Troubleshoot APM anomalies across services

An anomaly that appears in one service can have a negative impact on services downstream. For example, if one service’s database queries get throttled, any downstream service will experience elevated latency. Some of these downstream services could eventually experience an increased error rate due to timeouts. You need to troubleshoot this not as two separate issues, but rather as one issue stemming from a single root cause.

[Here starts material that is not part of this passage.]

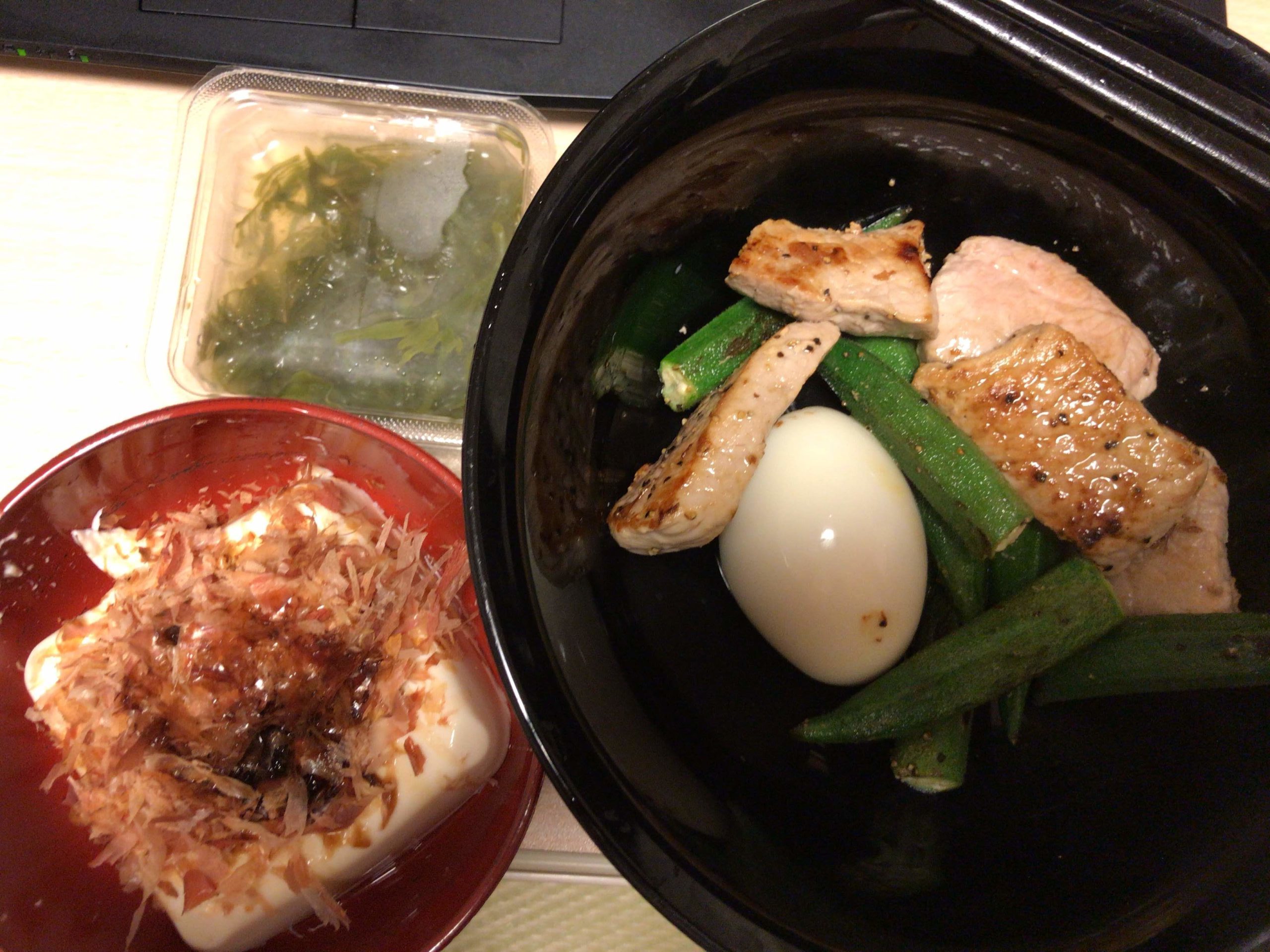 わりと糖質オフメニューが選べたんじゃないかなと自負していますが、きんぴらごぼうの甘みの糖質が少し気になるところでしょうか。スーパーの総菜だけでも選び方を気を付ければ糖質オフメニューは作れますね。

Watchdog helps you do that by automatically grouping related APM anomalies into a single story whenever it detects an issue that affects multiple services. The story includes a dependency map that shows the service where the issue originated and the downstream dependencies that were affected. This allows you to quickly understand the impact of the issue and provides insight on where to look for the root cause.

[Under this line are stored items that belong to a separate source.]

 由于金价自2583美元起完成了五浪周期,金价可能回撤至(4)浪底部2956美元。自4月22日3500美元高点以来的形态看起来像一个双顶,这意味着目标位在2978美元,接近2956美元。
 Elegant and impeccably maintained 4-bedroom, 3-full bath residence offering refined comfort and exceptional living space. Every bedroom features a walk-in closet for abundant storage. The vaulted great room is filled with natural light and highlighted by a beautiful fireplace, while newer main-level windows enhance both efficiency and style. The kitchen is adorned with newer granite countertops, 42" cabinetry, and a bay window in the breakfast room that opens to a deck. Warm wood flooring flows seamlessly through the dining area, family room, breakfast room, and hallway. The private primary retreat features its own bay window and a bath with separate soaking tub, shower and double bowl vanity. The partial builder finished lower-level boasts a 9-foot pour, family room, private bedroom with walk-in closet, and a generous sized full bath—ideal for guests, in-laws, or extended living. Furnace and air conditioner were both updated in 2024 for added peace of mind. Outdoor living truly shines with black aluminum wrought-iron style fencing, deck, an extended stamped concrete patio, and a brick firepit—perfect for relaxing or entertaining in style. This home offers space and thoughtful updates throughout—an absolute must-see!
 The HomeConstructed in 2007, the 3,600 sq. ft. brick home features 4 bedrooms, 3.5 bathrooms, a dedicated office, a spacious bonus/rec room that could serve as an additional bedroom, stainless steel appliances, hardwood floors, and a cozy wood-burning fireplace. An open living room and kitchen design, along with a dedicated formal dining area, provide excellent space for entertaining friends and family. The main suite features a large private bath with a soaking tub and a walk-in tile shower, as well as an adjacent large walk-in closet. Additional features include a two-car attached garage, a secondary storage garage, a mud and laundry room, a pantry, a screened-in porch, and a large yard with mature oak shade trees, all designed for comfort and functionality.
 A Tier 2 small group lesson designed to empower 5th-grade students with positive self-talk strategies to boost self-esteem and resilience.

The screenshot below shows a Watchdog story, starting with a summary of the issue and a graph highlighting the anomaly. Below that, a dependency map illustrates the full scope of the problem: the issue is rooted in the ad-server-http-client service, and it also affects the downstream services web-store and web-store-mongo. Below the dependency map, a table lists the affected services and displays hit rate, latency, and error rate metrics. In this case, the data in the table indicates that latency in the downstream services also increased.

A map shows the interrelation of the three services involved in the Watchdog story.

By aggregating related anomalies into a single story, Watchdog reduces noise—replacing multiple separate stories with a single rich one—and speeds up your troubleshooting process.

Correlate the story with related dashboards

Watchdog APM stories now include any correlated metrics and dashboards to help you quickly see the context of an issue. When Watchdog creates an APM story, it finds metrics and graphs within dashboards that indicate correlated anomalies. These correlated dashboards serve as a helpful resource for deeper investigation of the issue described in the story.

The screenshot below shows a Watchdog story that includes one correlated dashboard. Two graphs from the dashboard highlight anomalies that relate to the story’s primary anomaly—increased latency in the ApplicationController#health endpoint.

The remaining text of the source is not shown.